In the Specify Disk Capacity screen, select the Pocket ACE size calculator option to determine how much space you will need; this will determine how big your virtual machine hard disk should be, taking into account its requirements and the installation of a “player” to be used on whatever PC or laptop you run the virtual machine on. There are some options that you can remove, such as whether to install a Windows Player and a Linux Player. Note that you should be looking for a maximum disk size smaller than your flash drive.
Once you have set a size for the virtual machine, select any additional hardware requirements you have and click Finish. The VM will launch and you can begin to install your operating system.
Running Your Stick Virtual Machine on a Different PC
With the data installed to your flash stick, you can run your virtual machine on a stick from the same or a different PC. Simply insert the disk in a Windows or Linux PC, depending upon which options you chose in the Pocket ACE size calculator screen and your VM should run automatically when inserted.

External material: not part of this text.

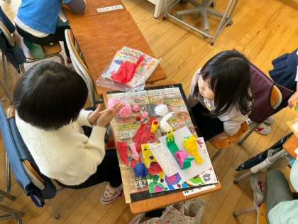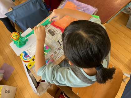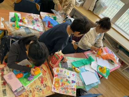 図工の時間です。「くしゃくしゃ だいへんしん」丸めたり、ちぎったりしたものを組み合わせ、イメージを広げながら作品を作っています。

If this doesn’t happen, browse to the device and double click the Windows or Linux Player (as appropriate) to start running your virtual machine on a stick.
Dangers of a Stick VM
Using a virtual machine on a flash stick offers great portability – but ultimately it will degrade your flash media due to the regular and rapid writing and re-writing of data. Flash media is designed for temporary storage of data. For this reason, you shouldn’t use a stick VM for any important purposes unless you regularly clone the data on it.
Long term use of a portable virtual machine is best achieved with a portable hard disk drive.
Note that this isn’t the only way to make VMware portable - a Live disc can also be used.